Despite high fuel prices, retail prices and shipping fees paid by consumers are likely to remain pretty consistent this holiday season, largely because of the intense competition between Internet and traditional retailers.
That's the prediction of a recent article in the Wall Street Journal, which also said that what's good news for consumers is bad news for retailers. Fierce competition could mean that many will have to absorb, rather than pass on, increased fuel costs for trucks, trains, and airplanes. Disappointing numbers are bound to surface in February, when the retailers start reporting their fourth-quarter earnings.

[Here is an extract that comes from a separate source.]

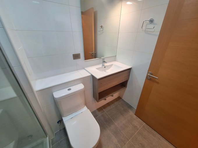 2 Baños. El baño principal con plato ducha y mampara de cristal templado.

"It's a conundrum retailers are facing," Carl Steidtmann, chief retail economist at PricewaterhouseCoopers, told the Journal. "They've got huge cost pressures but no pricing power, because there's an oversupply of everything from apparel retailers to grocery stores."

The big wigs of the industry vow to keep pressure on the rest of the merchants by continuing their aggressive pricing strategies despite the higher fuel prices. For example, Wal-Mart, the nation's largest retailer, says the oil-price increase will have little effect on its retail prices.
"Our everyday low prices will stay everyday low prices," spokesman Tom Williams told the WSJ.
Merchants that ship goods directly to consumers, especially catalog and Internet retailers, are among the group that will feel the pinch the most. And thanks to fuel surcharges implemented by trucking companies, most will end up having to pay more to ship packages to customers.
Catalog companies have it much worse, considering they printed up their holiday catalogs months ago and many of them can't go back and change the prices.
Online retailers have more flexibility when it comes to changing prices on their web sites, but most are choosing not to do so, realizing that raising shipping costs is a sure way to alienate customers and send them to shop with a competitor, the article stated.
Higher fuel prices are causing big problems for retailers in two ways. They not only increase costs, they reduce consumers' disposable income, leaving little in their pockets to spend at stores.
There is no doubt that higher oil prices are taking their toll, the article says. Trucking companies, who handle the bulk of consumer goods, have been forced to apply surcharges as high as 6%. UPS, FedEx and the U.S. Postal Service, along with railways, have all been forced to take similar actions.
What complicates things, the WSJ reports, is that fuel prices have been so unpredictable. Since the article was published, prices have shot back up following violence and unrest in the Middle East.